_TASK GOAL_
Everything from the line containing "The rich fragrance" through the line containing "集中展示中國航空工業集團主力" should be repeated exactly, and nothing else from the data.

_RECORDS SHOWN_
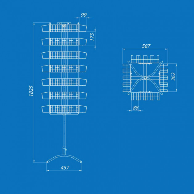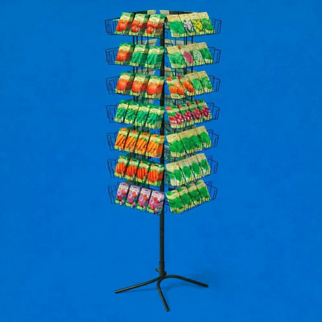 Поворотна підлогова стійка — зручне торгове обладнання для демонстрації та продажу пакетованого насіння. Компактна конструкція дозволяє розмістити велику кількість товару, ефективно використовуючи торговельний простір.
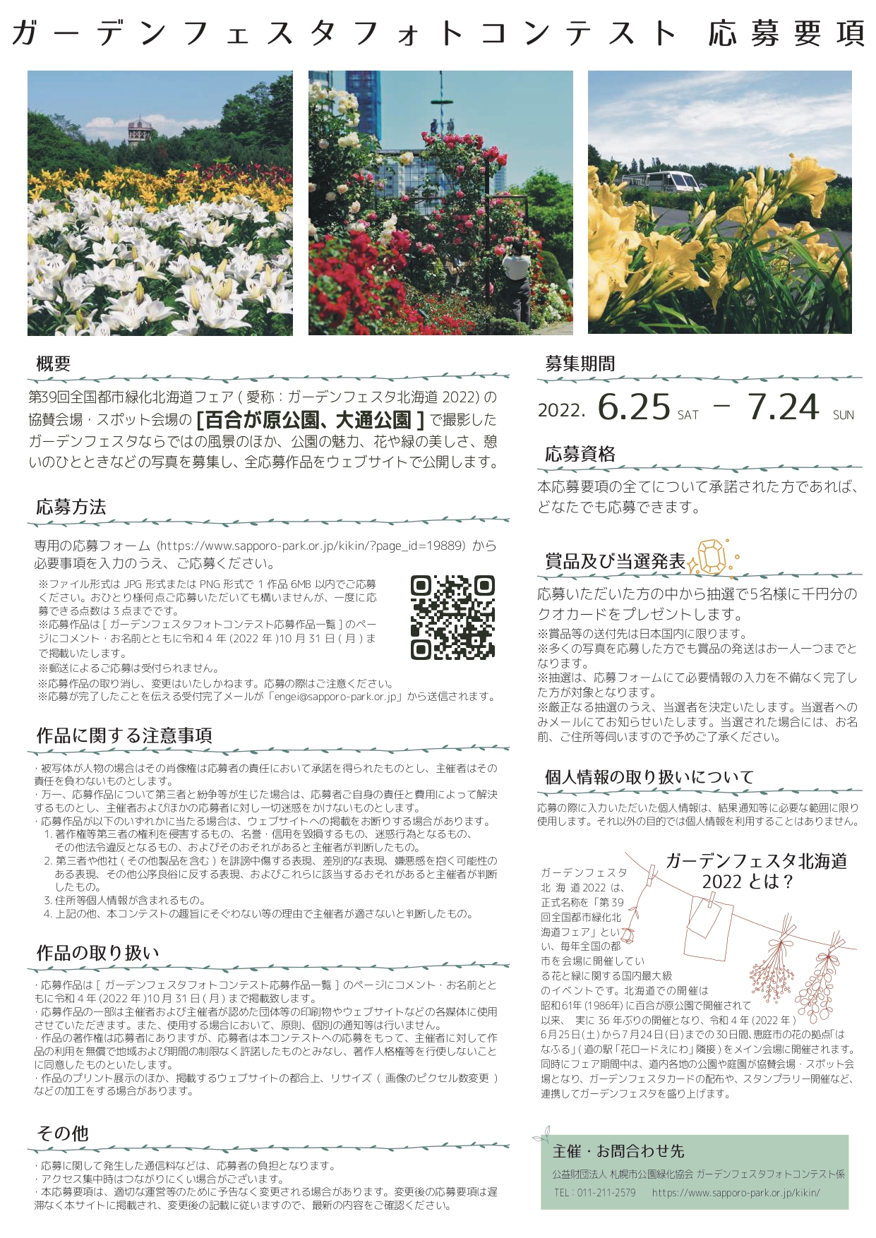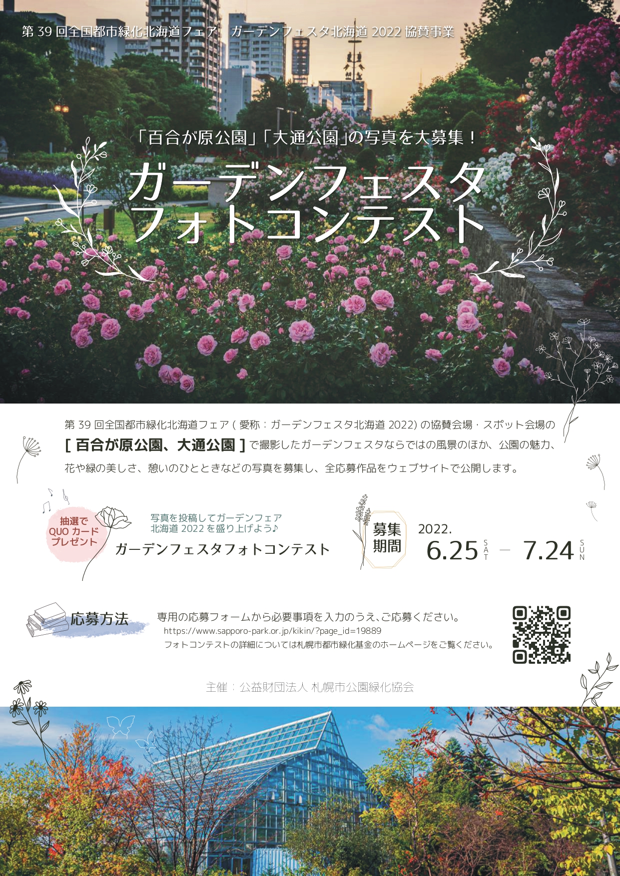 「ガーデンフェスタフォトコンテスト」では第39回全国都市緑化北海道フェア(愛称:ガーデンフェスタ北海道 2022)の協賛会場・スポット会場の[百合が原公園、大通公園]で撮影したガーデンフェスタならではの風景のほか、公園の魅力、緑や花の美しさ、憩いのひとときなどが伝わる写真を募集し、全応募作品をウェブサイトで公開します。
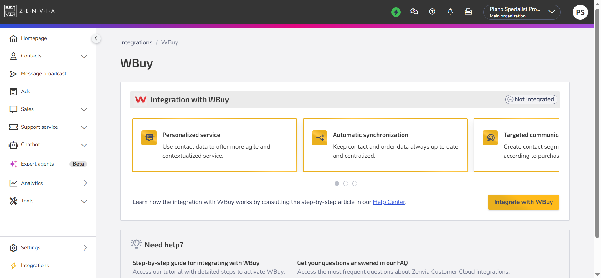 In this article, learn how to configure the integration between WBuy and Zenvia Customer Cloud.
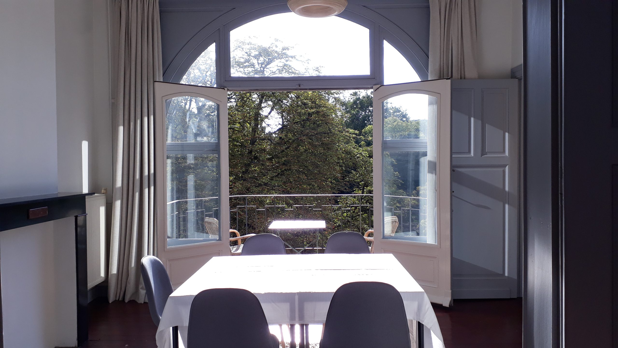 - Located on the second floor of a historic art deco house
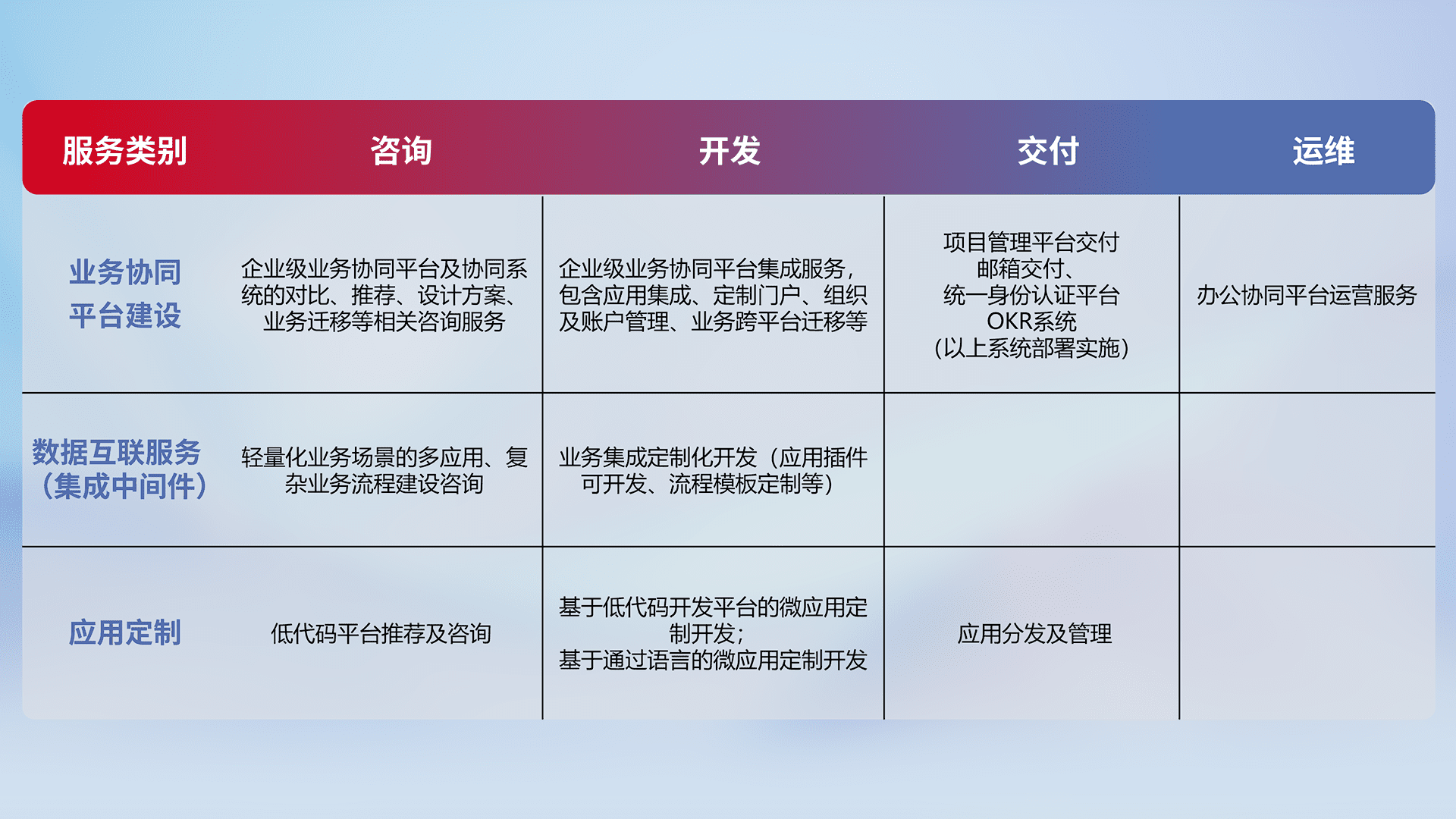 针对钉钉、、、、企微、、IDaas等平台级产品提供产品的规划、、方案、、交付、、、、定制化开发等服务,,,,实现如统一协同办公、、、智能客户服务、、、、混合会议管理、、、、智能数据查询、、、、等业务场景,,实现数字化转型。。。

---

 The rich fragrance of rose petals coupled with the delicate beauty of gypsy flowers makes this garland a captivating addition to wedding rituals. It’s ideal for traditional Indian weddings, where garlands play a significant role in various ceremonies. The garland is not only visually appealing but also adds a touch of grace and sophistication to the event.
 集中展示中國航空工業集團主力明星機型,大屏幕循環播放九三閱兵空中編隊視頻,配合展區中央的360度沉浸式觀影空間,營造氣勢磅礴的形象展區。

==

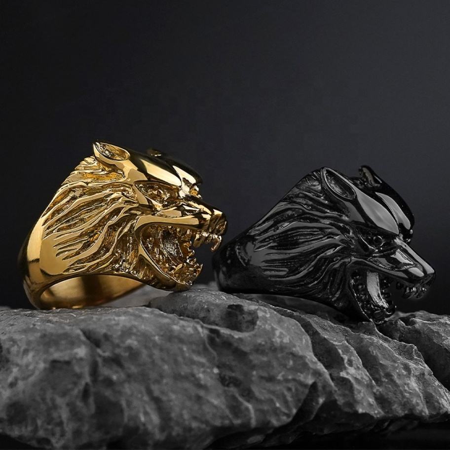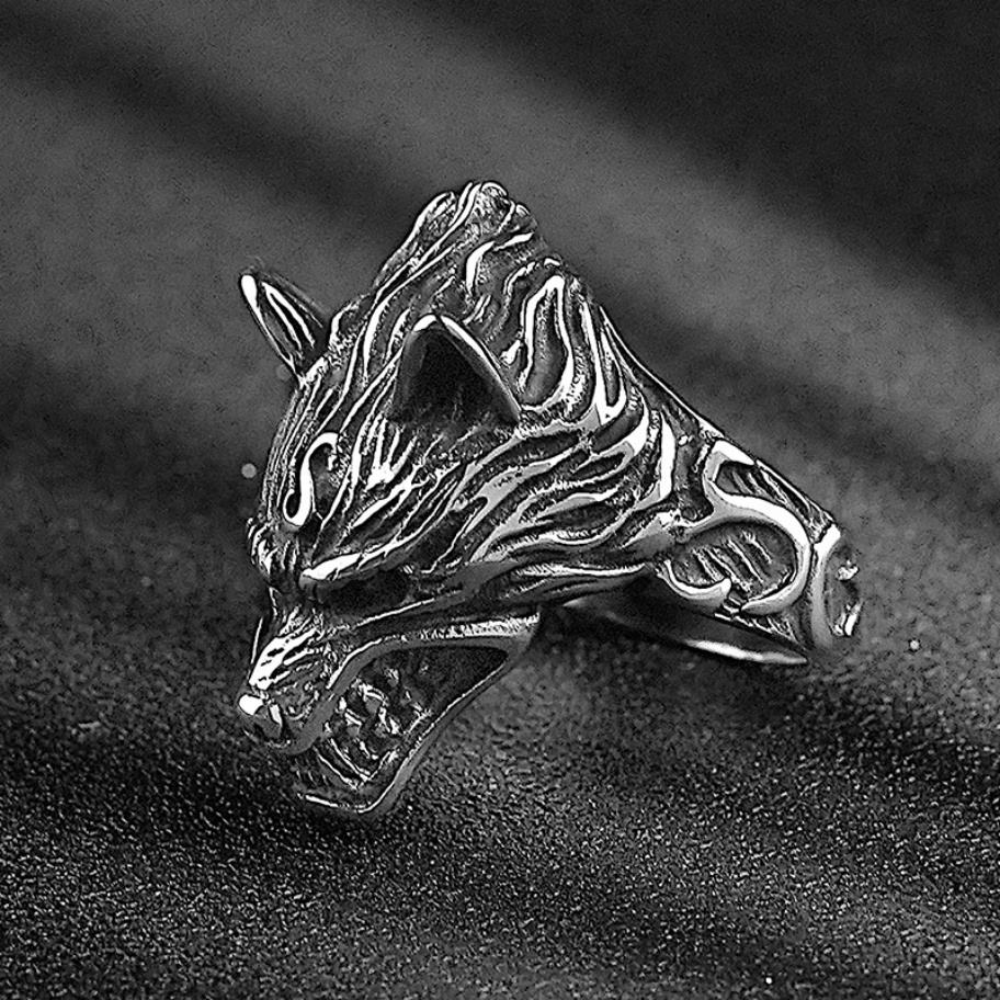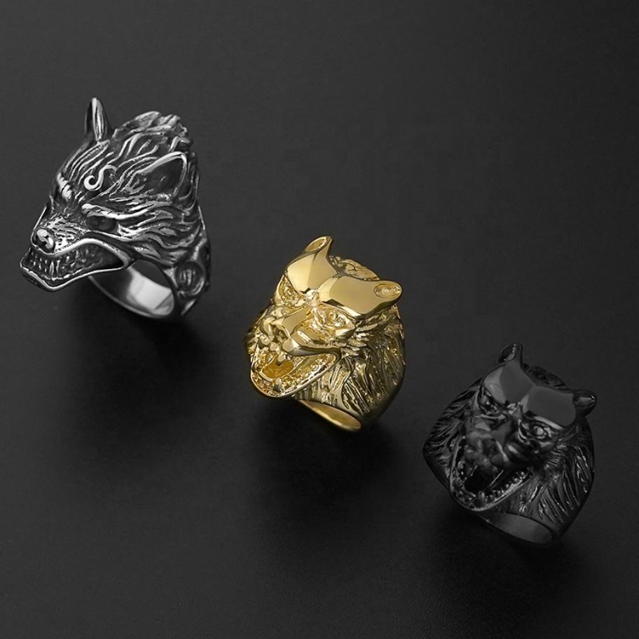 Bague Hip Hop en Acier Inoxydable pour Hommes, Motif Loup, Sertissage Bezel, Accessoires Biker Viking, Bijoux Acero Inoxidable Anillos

_SOLUTION TO THIS TASK_
 The rich fragrance of rose petals coupled with the delicate beauty of gypsy flowers makes this garland a captivating addition to wedding rituals. It’s ideal for traditional Indian weddings, where garlands play a significant role in various ceremonies. The garland is not only visually appealing but also adds a touch of grace and sophistication to the event.
 集中展示中國航空工業集團主力明星機型,大屏幕循環播放九三閱兵空中編隊視頻,配合展區中央的360度沉浸式觀影空間,營造氣勢磅礴的形象展區。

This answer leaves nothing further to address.